負けてよかった

 このところ新聞もテレビもサッカーのワールドカップ一色と言っても良いぐらいだと書いたが、今回は日本チームが予選を勝ち抜いて2年ぶりに決勝トーナメントにに進出したので、これまでになく熱が入ることになったのであろう。

 日本チームが勝ち進むのは嬉しいことだが、時差の関係で試合の中継がいつも真夜中なのが問題である。ついテレビにかじりついて見ていると朝起きるのが大変である。昼間適当にサボれる学生なら良いが、普通の勤め人なら、ただでさえ長時間労働で寝不足気味な上に、この夜間のサッカー観戦は体にこたえる。見ないと余計に気になって眠れないし、仲間の話題の中間はずれにもなる。

 そうかと言って見れば興奮して徹夜ということにもなりかねないし、あくる日が大変である。そんなのが続いたらもうやってっれない。それでも試合があれば気になって眠れない。電車の中で居眠りするぐらいなら良いが、車の運転で事故を起こしたり、大事な仕事でしくじったりしては元も子もない。

 私はサッカーそのものにはあまり関心がない方だが、やはり日本チームが勝ち進んで決勝トーナメントにまで出るようになると、その勝敗が気になる。昨日は4時ごろ目が覚めたのでテレビをつけてみると、日本が2対0で勝っているではないか。 それももう後半戦のようだ。

 決勝トーナメントでは勝つのは難しいのではないかと思っていたが、勝っているではないか。これは素晴らしいと思ったが、同時に、勝っていることは嬉しいが、これではますます応援がヒートアップして大変なことになるぞ、日本が負けるまで止まらないのでないかといささか心配にもなってきた。

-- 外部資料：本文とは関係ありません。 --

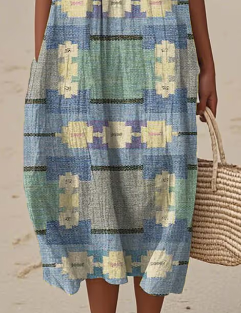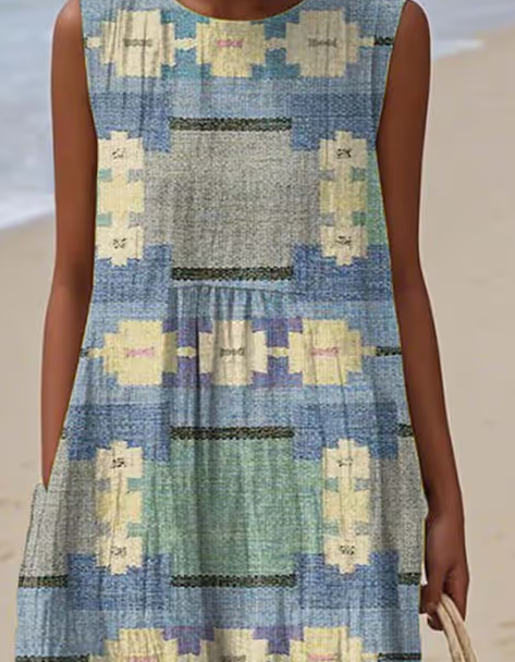 Women'S Round Neck Sleeveless Color-Block Printed Dress

 しかし朝起きてニュースを見ると、後半で引繰り返されて日本が負けていた。折角ここまで来たのだからもう少し勝たせてもやりたかったけれども、これぐらいのところが実力なのではなかろうか。ここまで来ただけでも歴史も浅い日本チームとしては上出来だったのではなかろうか。

 加熱したサッカー応援が落ち着けば、これで会社の仕事も普通に進むことになるであろう。これからオリンピックで、政府はますますスポーツを盛り上げようとしているが、スポーツはあくまで娯楽であり、リクリエーションの範疇のものであることを忘れないで欲しい。『頑張れ!日本!』も良いがあまり加熱せず、適当に時に頭も冷やして楽しみ、スポーツに振り回されることのないようにしたいものである。

 見ている時には興奮して応援するのも良いが、勢い余って他人にまで同調を強いたり、必要以上に盛り上がって国の名誉などにまで結びつけず、終わったら冷静になって静かに振り返って余韻を楽しむようにしたいものである。

 それにサッカーの嫌いな人も、関心のない人もいることも忘れないでほしい。スポーツはするのも、見るのも、楽しむためのものであり、国の名誉をかけるようなものではない。これ以上の加熱は周りに迷惑を及ぼすものである。そういう意味で負けてよかったとつくづく思った。